To begin the procedure, obtain the appropriate ligand solutions and glassware. Then, prepare a solution of 1.84 g of solid nickel sulfate hexahydrate and 100 mL deionized water. The green hexaaquanickel cation will form in solution.
In a fume hood, begin stirring the hexaaquanickel solution using a stir bar and stir plate. Then, add 15 mL of 5 M aqueous ammonia and wait for the solution color to change to deep blue, indicating the formation of the hexaamminenickel cation.

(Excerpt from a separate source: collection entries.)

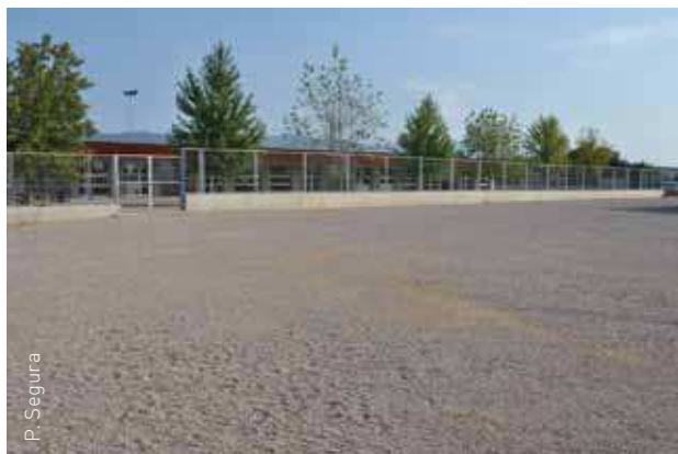
El solar es troba entre l'escola Camins i la comissaria

Aquestes obres han estat realitzades per l'empresa Bigas Grup, adjudicatària del servei de manteniment i millora dels camins de les Franqueses del Vallès.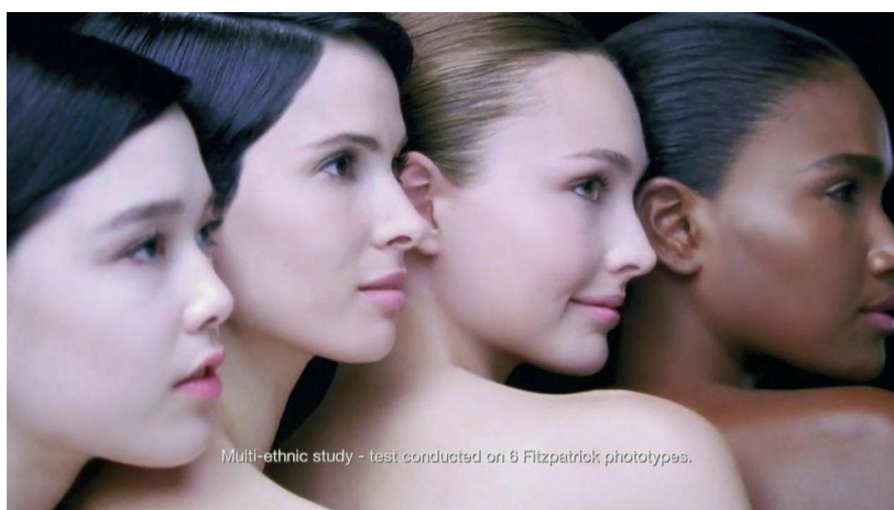
Slika 4. Primjer Lancôme reklamne kampanje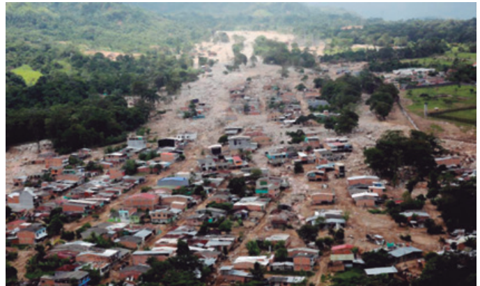
Figura 2. Vista aérea de los efectos de las avenidas torrenciales de 2017 en la ciudad de Mocoa, Putumayo (Colombia). Murieron 332 personas y casi 1.500 viviendas fueron afectadas.

- BRASIL: En el periodo comprendido entre 1991-2012 se han registrado 12.750 eventos de inundaciones que han generado 2.800 víctimas mortales (UFSC, 2013; Mikoz, 2017), lo que equivale a una media de 133 víctimas anuales por este tipo de procesos. Los movimientos en masa, para el mismo periodo, han registrado 539 víctimas en 699 eventos (USF, 2013), lo que representa una media de 26 víctimas cada año. Otros procesos, tales como la erosión (349 eventos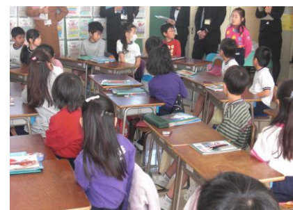
話す人の方を見て聞く。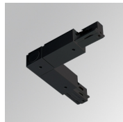
Code produit: TKALODNB

Description: TRACK ACC INT 90° CORNER DALI/ONOFF WH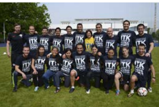
ITK Fußball in Spanisch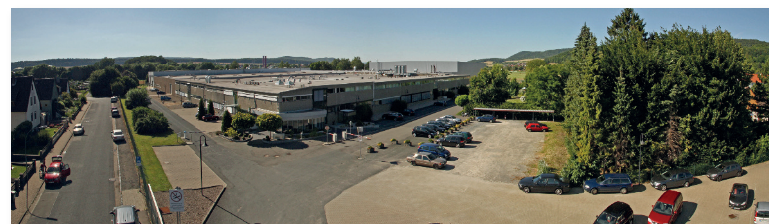
Panorama von Fritz-Kunke-Straße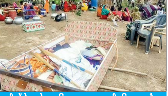
ग्रामीणों ने घर से बाहर निकाला सामान, भारी पुलिस बल मौजूद

नारायणपुर, 30 जून। जिले में भरपूर का बाढ़ खड़का गांव में धर्मांतरण को लेकर विवाद शुरू हो गया है। धर्मांतरित परिवारों को गांव छोड़ने का फरमान जारी किया गया है। आदिवासी सामाजिक के लोगों ने धर्मांतरित परिवारों के घरों से सामानों को बाहर निकाल दिया है। इसके बाद इलाके में तनावपूर्ण स्थिति को देखते हुए भारी पुलिस बल तैनात किया गया है। दरअसल, पूरा मामला खड़का गांव का है। जहां आदिवासी समुदाय और धर्मांतरित परिवारों के बीच भारी विवाद की स्थिति बनी हुई है।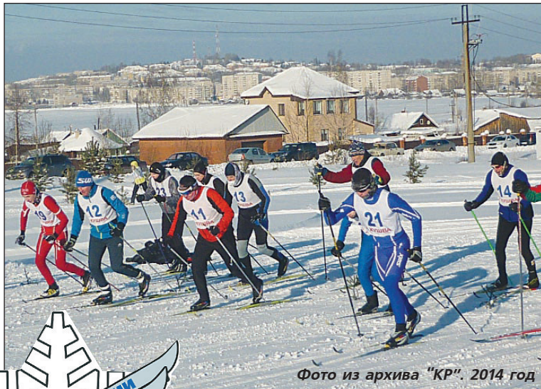
2014 год

Приглашаем жителей и гостей нашего города принять участие в борьбе за специальные призы "Лыжни России" в номинациях: "Самый старший спортсмен" (мужчина и женщина), "Самый юный участник" (мальчик и девочка), "Самая спортивная семья", "Самая массовая команда". Участники соревнований ждут памятные сувениры.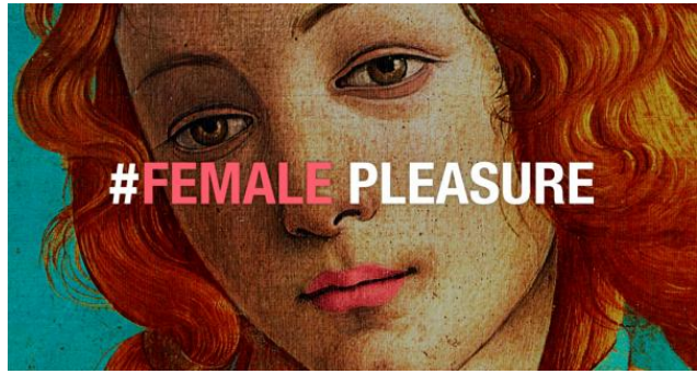
„Die Geburt der Venus“: Bildausschnitt aus #FEMALE PLEASURE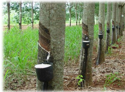
Caucho natural (Hevea, árbol del Amazonas)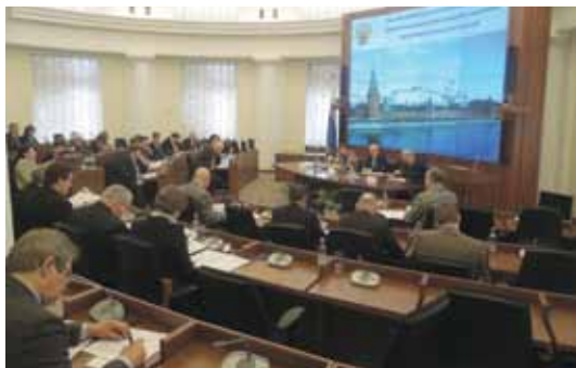
Заседание рабочей группы по подготовке предложений по реализации программы увековечения памяти жертв политических репрессий

В начале 2011 г. члены Совета большинством голосов (34 из 40, см. Приложение 129) поддержали Предложения, подготовленные рабочей группой. Предложения были представлены Президенту РФ Д.А. Медведеву на встрече в Екатеринбурге 1 февраля 2011 г. Результатом стало создание межведомственной рабочей группы по подготовке предложений, направленных на реализацию программы увековечения памяти жертв политических репрессий, образованной Распоряжением Президента РФ от 27.12.2011 № 819-рп (Приложение 130).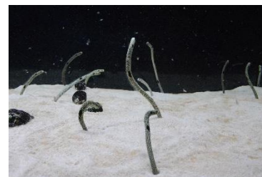
ごはんを食べるチンアナゴ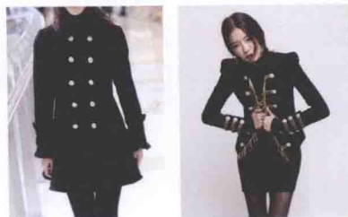
▲图 1-9 混式穿法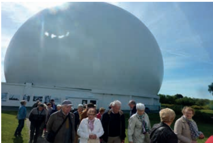
Le groupe devant le radome

Après un aperçu de la côte, le « Golf Saint Samson » nous attend pour le repas de midi, et la journée se poursuit par la côte de granit rose. Trébeurden, l'île grande, la pointe de Bihit, Trégastel –plage, le menhir de Saint Uzec, Ploumanach, Perros-Guirec et le sentier des douaniers : une journée ensoleillée, riche en paysages et en découvertes.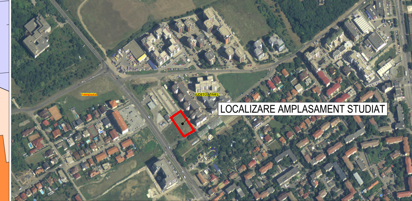
LOCALIZARE AMPLASAMENT STUDIAT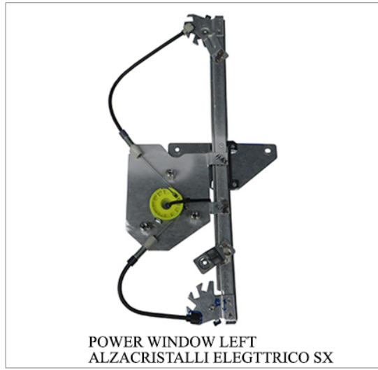
POWER WINDOW LEFT ALZACRISTALLI ELEGTRICO SX

THIS INSTALLATION INSTRUCTION IS FOR BOTH LEFT AND RIGHT SIDE. CETTE INSTRUCTION DE MONTAGE EST POUR LES DEUX COTES DROIT ET GAUCHE. DIESE MONTAGE-ANLEITUNG IST FÜR DIE BEIDE LINKE UND RECHTE SEITE. ESTA INSTRUCCION DE MONTAJE ES PARA LOS DOS LADOS IZQUIERDO Y DERECHO. AS PRESENTES INSTRUÇÕES VALEM TANTO PARA O LADO ESQUERDO QUANTO PARA O DIREITO. DEZE INSTRUCTIE IS GELDIG VOOR ZOWEL DE LINKERKANT ALS DE RECHTERKANT. ΑΥΤΗ Η ΟΔΗΓΙΑ ΕΧΕΙ ΚΑΙ ΤΗΝ ΑΡΙΣΤΕΡΗ ΠΛΕΥΡΑ ΚΑΙ ΤΗΝ ΣΩΣΤΗ ΠΛΕΥΡΑ. LA PRESENTE ISTRUZIONE VALE SIA PER IL LATO SINISTRO CHE PER IL LATO DESTRO.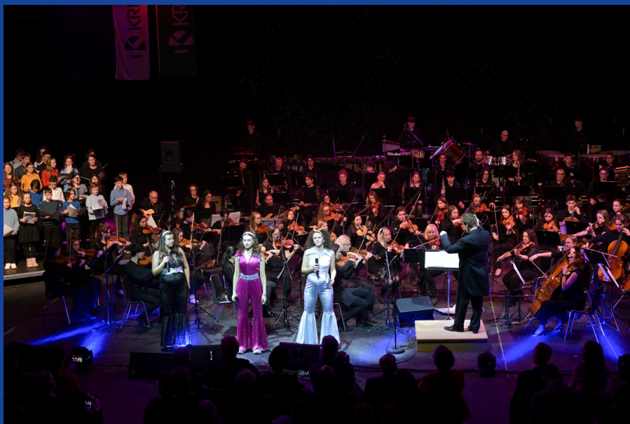
Izvedba koncerta ob slovenskem kulturnem prazniku, 7.2.2024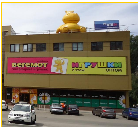
«Бе́гемот» г. Тольятти

Наличие яркой заметной вывески на фасаде здания – обязательное условие открытия гипермаркета «Бегемот» в любом торговом центре.

Next, add 10 mL of 30% ethylenediamine. The solution color change to purple indicates that ethylenediamine has displaced the ammonia, forming the tris(ethylenediamine)nickel cation.
Then, add 200 mL of 1% dimethylglyoxime in ethanol to the same beaker. The solution color change from purple to a suspension of the red powder indicates the formation of the poorly-soluble bis(dimethylglyoximato)nickel complex.
Finally, add 30 mL of 1 M potassium cyanide solution. The dissolution of the red solid and the solution color change to yellow indicates that the cyano ligands have displaced the dimethylglyoximato ligands, forming the tetracyanonickelate anion.
The substitution reactions were all spontaneous, following the predictions of the spectrochemical series.
The energy needed to cause electronic transitions within these complexes is predicted by the series to be lowest for water and highest for cyanide.
The complementary colors associated with each solution are red, orange, yellow, green, and blue. The energy of visible light increases from red to blue, suggesting that the absorbed photons also increase in energy as ligand strength increases, which corresponds to a larger gap between orbital energy levels.
Metal complexes are used in a wide range of domains, from chemical synthesis, to the medical field.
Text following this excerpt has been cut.